Он подошел к оркестру.
— Значит, мелодия несложная, там-па-па-да-дам, там-па-па-да-дам…
— Вот так? — пианист заиграл что-то очень близко к оригиналу.
— Примерно… — Виктор повернулся к публике. — Дамы и господа! Голоса у меня нет, поэтому очень прошу подпевать повтор. Начали!
Не слышны в саду даже шорохи,
Все здесь замерло до утра,
Если б знали вы, как мне дороги
Наши брянские вечера…
«Какая разница», думал Виктор, «все равно этой песни еще не знают, и вдруг ее в этой России не узнают никогда, мало ли каких случайностей, да и не все доживут до конца пятидесятых — почему бы не дать ее сейчас? Тем более, вначале там были не „подмосковные“, а „ленинградские“, так что и наш город имеет право».
— Если б знали вы, как мне дороги… — подхватили столики, за ними — стоявшая подле публика. Виктор видел, как к эстраде из глубины парка спешили люди, словно мелодия была для них паролем, сигналом сбора.
Со второго куплета сзади, из дверцы, стали появляться приглашенные для выступлений артисты, они становились рядом с Виктором и подтягивали слова своими сильными, красивыми голосами, а к концу третьего ему казалось, что поет весь парк.
— Браво! Бис! Бис! — раздалось со всех сторон, когда кончились последние строки; Лена тоже, кажется, кричала «Браво!», и песню тут же повторили, и еще раз — на третий раз уже вели профессиональные певцы, запомнив текст.
— Браво!
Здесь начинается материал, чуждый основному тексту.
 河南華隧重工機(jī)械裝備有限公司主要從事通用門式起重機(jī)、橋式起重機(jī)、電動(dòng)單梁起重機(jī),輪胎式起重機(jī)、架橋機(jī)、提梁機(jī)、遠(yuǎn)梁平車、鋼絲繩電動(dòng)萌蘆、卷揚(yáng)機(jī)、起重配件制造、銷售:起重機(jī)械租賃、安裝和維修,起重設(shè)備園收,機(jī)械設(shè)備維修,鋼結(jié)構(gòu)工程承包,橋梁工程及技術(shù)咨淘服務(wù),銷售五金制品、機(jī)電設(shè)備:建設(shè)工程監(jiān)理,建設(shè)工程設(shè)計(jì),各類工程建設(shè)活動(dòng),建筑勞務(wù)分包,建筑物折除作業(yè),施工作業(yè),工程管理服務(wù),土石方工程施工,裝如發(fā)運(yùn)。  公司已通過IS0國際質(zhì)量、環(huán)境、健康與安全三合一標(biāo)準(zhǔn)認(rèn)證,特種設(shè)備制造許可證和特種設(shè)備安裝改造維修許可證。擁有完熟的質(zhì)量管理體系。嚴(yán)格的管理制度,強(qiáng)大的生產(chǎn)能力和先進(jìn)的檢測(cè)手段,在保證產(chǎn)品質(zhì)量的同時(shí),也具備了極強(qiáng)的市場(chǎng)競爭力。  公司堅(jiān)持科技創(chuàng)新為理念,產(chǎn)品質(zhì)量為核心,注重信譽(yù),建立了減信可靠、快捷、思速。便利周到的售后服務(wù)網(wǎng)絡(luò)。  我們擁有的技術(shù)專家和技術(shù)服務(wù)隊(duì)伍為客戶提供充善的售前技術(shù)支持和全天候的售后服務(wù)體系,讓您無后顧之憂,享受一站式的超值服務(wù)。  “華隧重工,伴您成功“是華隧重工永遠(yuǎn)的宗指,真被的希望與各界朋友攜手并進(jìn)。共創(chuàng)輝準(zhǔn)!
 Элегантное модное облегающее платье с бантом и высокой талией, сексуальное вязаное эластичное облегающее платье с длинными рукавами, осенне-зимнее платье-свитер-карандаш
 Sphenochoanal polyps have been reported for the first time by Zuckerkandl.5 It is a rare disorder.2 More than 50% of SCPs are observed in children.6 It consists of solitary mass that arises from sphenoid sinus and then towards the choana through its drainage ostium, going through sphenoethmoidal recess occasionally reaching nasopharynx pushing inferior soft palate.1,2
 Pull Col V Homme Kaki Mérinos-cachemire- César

Браво! — воскликнул конферансье, — господа и дамы, потрясающий успех! Кто еще желает попробовать силы?
— Не надо! — зашумел народ. — Приз! Приз!
— С нас ящик шампанского, — шепнул Виктору конферансье, вручая бутылку прямо в никелированном ведерке со льдом, — заходите за ним в любое время, особенно если есть еще таких песен.
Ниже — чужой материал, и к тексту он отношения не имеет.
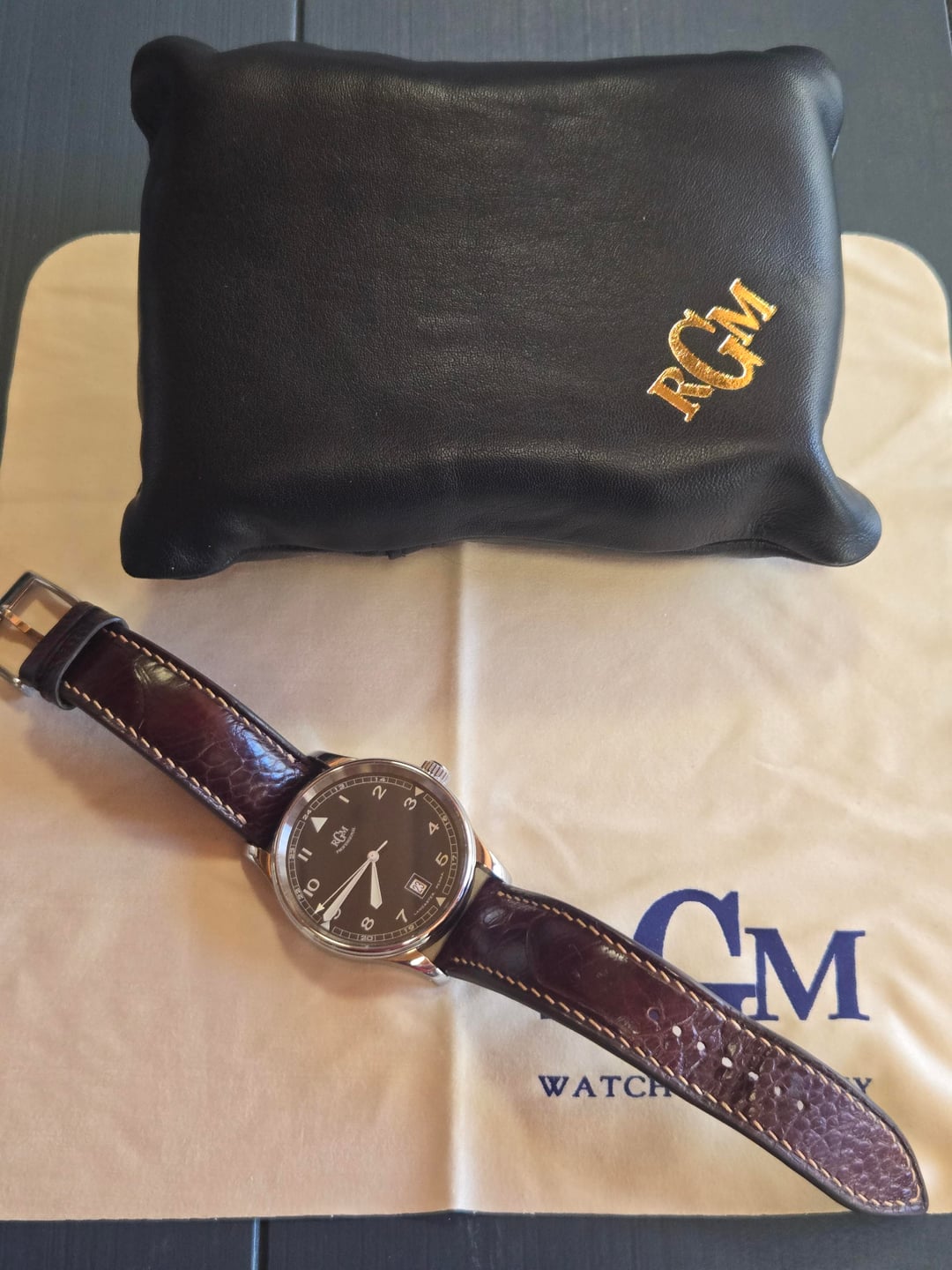 For sale RGM 151-P The 151 models have an American-made case in either stainless steel or titanium. Any stainless steel version can be polished, brushed, or a combination of both finishes. Titanium cases have a brushed finish only. The thin bezel and large dial are a hallmark of the 151 models; in fact, the dial is larger than watches of a much greater size. The case is thin for its diameter and curves comfortably to the wrist. Movement Caliber: RGM- Sellita SW300-1 - Swiss-made automatic, 25 jewels, 28,800 vph. Rhodium finish - Côte de Geneve lines and perlage. 52 to 56-hour power reserve. Functions: Hour / Minute / Second / Date on some models Case: American Made 316L Stainless Steel or CP-2 Titanium, 38.5 mm x 9.9 mm. Sapphire crystal front and back, 20mm lug width, and water-resistant to 5-ATM. Case length from lug end to lug end: 48mm This is the steel version, black dial with date window. Piece is in amazing shape with only light signs of wear. Comes on a dark brown ostrich leg strap. Watch comes with RGM branded cleaning cloth and watch pillow. No box, no papers. I am asking 2200.00 OBO, no trades , shipping to US only. Payment via PayPal or Venmo. I have a few transactions here but most are on eBay under gilnh2o. I am open to FaceTime or provide other pics upon request.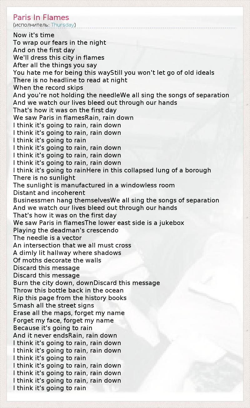 Now it's time To wrap our fears in the night And on the first day We'll dress this city in flames After all the things you say You hate me for being this wayStill you won't let go of old ideals There is no headline to read at night When the record skips And you're not holding the needleWe all sing the songs of separation And we watch our lives bleed out through our hands That's how it was on the first day We saw Paris in flamesRain, rain down I think it's going to rain, rain down I think it's going to rain, rain down I think it's going to rain I think it's going to rain, rain down I think it's going to rain, rain down I think it's going to rain, rain down I think it's going to rainHere in this collapsed lung of a borough There is no sunlight The sunlight is manufactured in a windowless room Distant and incoherent Businessmen hang themselvesWe all sing the songs of separation And we watch our lives bleed out through our hands That's how it was on the first day We saw Paris in flamesThe lower east side is a jukebox Playing the deadman's crescendo The needle is a vector An intersection that we all must cross A dimly lit hallway where shadows Of moths decorate the walls Discard this message Discard this message Burn the city down, downDiscard this message Throw this bottle back in the ocean Rip this page from the history books Smash all the street signs Erase all the maps, forget my name Forget my face, forget my name Because it's going to rain And it never endsRain, rain down I think it's going to rain, rain down I think it's going to rain, rain down I think it's going to rain I think it's going to rain, rain down I think it's going to rain, rain down I think it's going to rain, rain down I think it's going to rain

— Ну вот и разогрели публику, — произнес Виктор, осторожно откупоривая запотевшее «Клико», чтобы не брызнуть.
— Боже мой, — сказала Лена, — какие вы там счастливые люди.
— Ты так считаешь?
— Такие песни могут написать, могут петь только очень счастливые. Что живут в мире свободных людей, любят свободно и всей душой, без меркантильности. Когда впереди — простор, новые дороги, а в конце — безмятежная обеспеченная старость. Это все чувствуется. Песня из далекой прекрасной страны, где нет нищих, больных, обиженных, озлобленных, где все братья, как мечтало человечество тысячи лет.
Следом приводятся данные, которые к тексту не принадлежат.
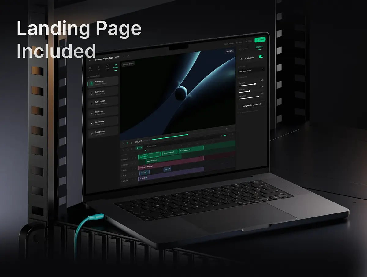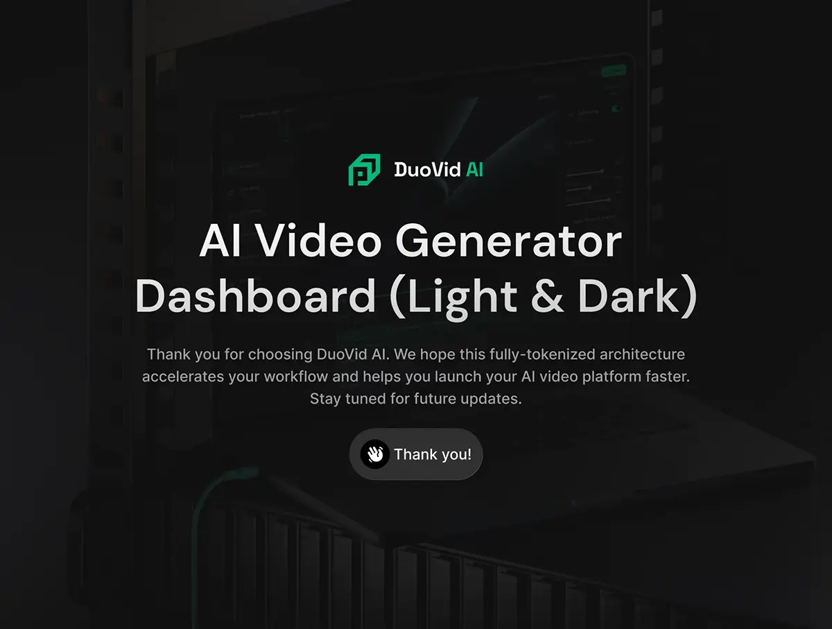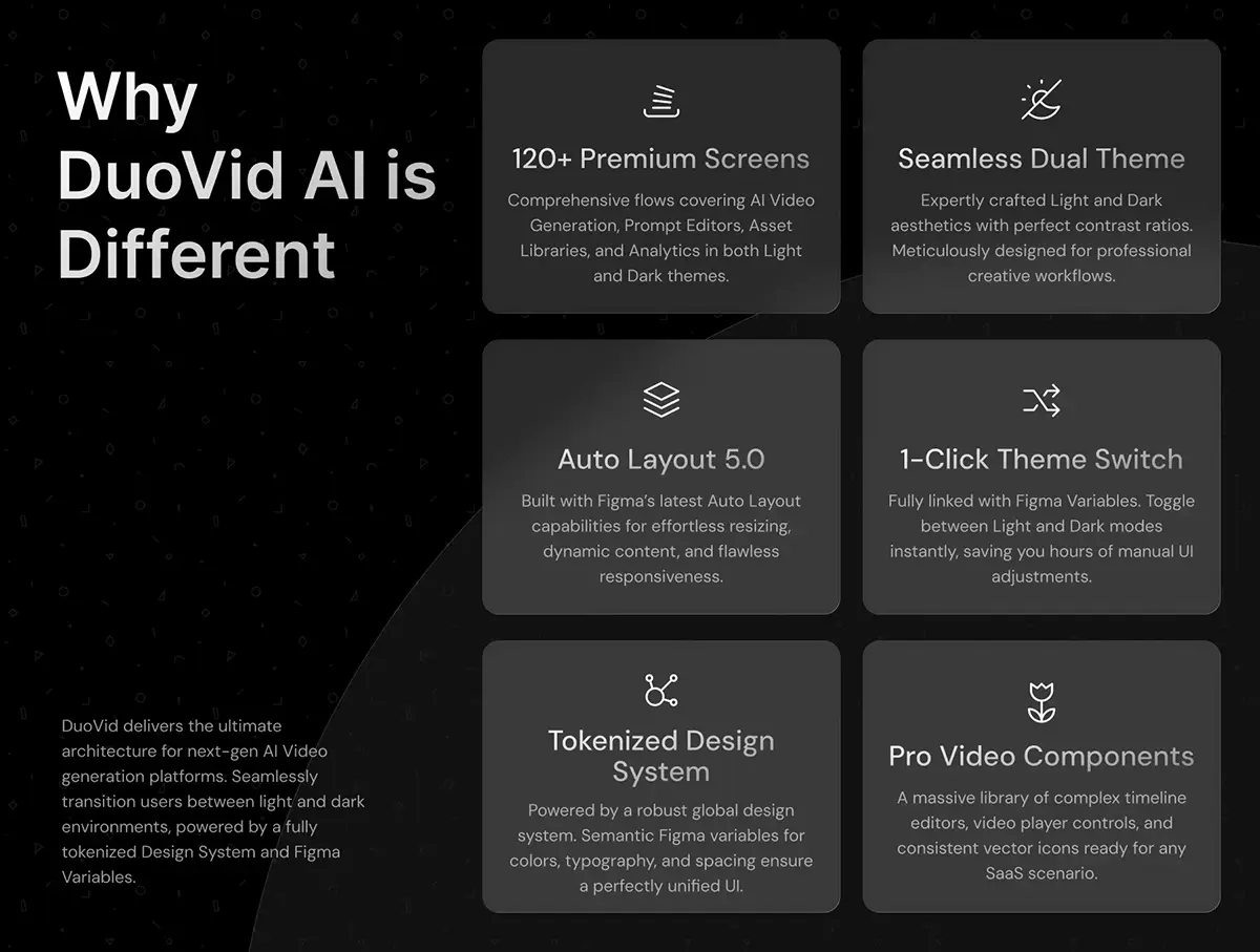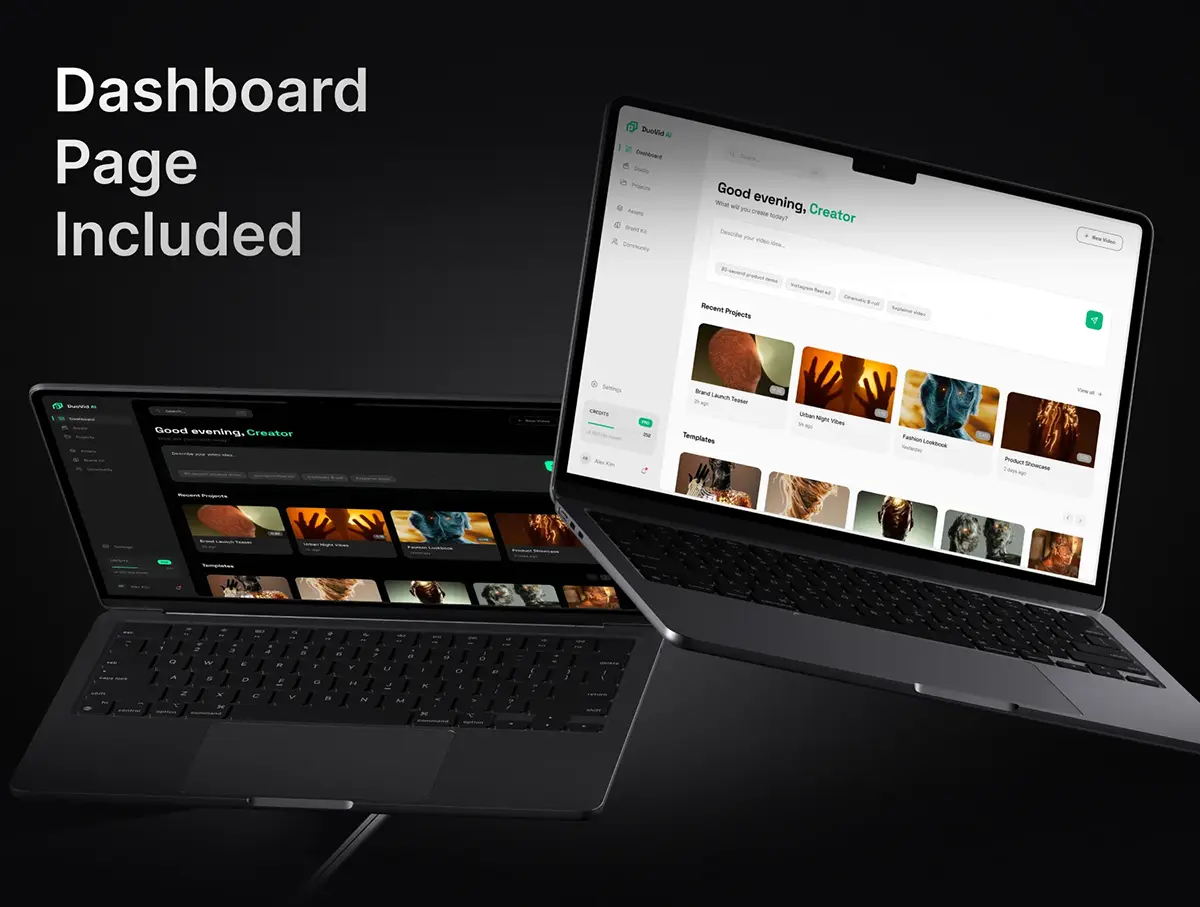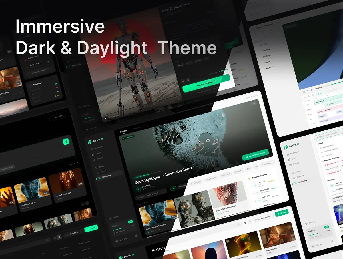 120屏双配色AI视频生成工具SaaS后台仪表盘UI界面设计组件库模板 DuoVid – AI Video Generator Dashboard (Light & Dark)

— Вы преувеличиваете. Жизнь гораздо сложнее.
— Может быть. Но такую музыку и слова нельзя просто придумать… если сам это не чувствуешь.
«На всякий случай надо перевести тему.»
— Знаете, никогда не пил французского шампанского, только Со… с отечественных заводов. Хотя потом и была возможность брать.
— Мне доводилось. Хоть и не такое.
— Как у вас там с заработками в столице?
— На этой службе нормально. Главное, служебная квартира. В Москве дикие цены на жилплощадь. Особенно в центре. Спекуляцию ограничивают, но все равно находят лазейки. Народу много прибывает.
— Жилищный вопрос испортил москвичей.
— Любите Зощенко?
«А как у них с Зощенко? Форматный писатель, или запрещен? Сатириков власти любят, но странною любовью… Впрочем, чего я конспирируюсь, если она из жандармерии, знает, кто я и откуда? Хотя нас может подслушивать и германская разведка. А чем подслушивать? Направленных микрофонов тут пока не будет. Но зато могут читать по губам, как глухонемые. Будем бдительны.»
— Это крылатая фраза.
— У вас тоже? Вообще не думала, что у нас с вами окажется так много общего. У нас принято считать, что… в общем, что ваш вариант — это такое… ужасное, в общем.
— Симметрично.
— Что? Ах, да… Я поняла.
— Тогда за то, что между нами много общего. Пока пузырьки не вышли. Откуда они его привозят?.. Ну да, сейчас же это… Сейчас тридцать восьмой. Я просто торможу.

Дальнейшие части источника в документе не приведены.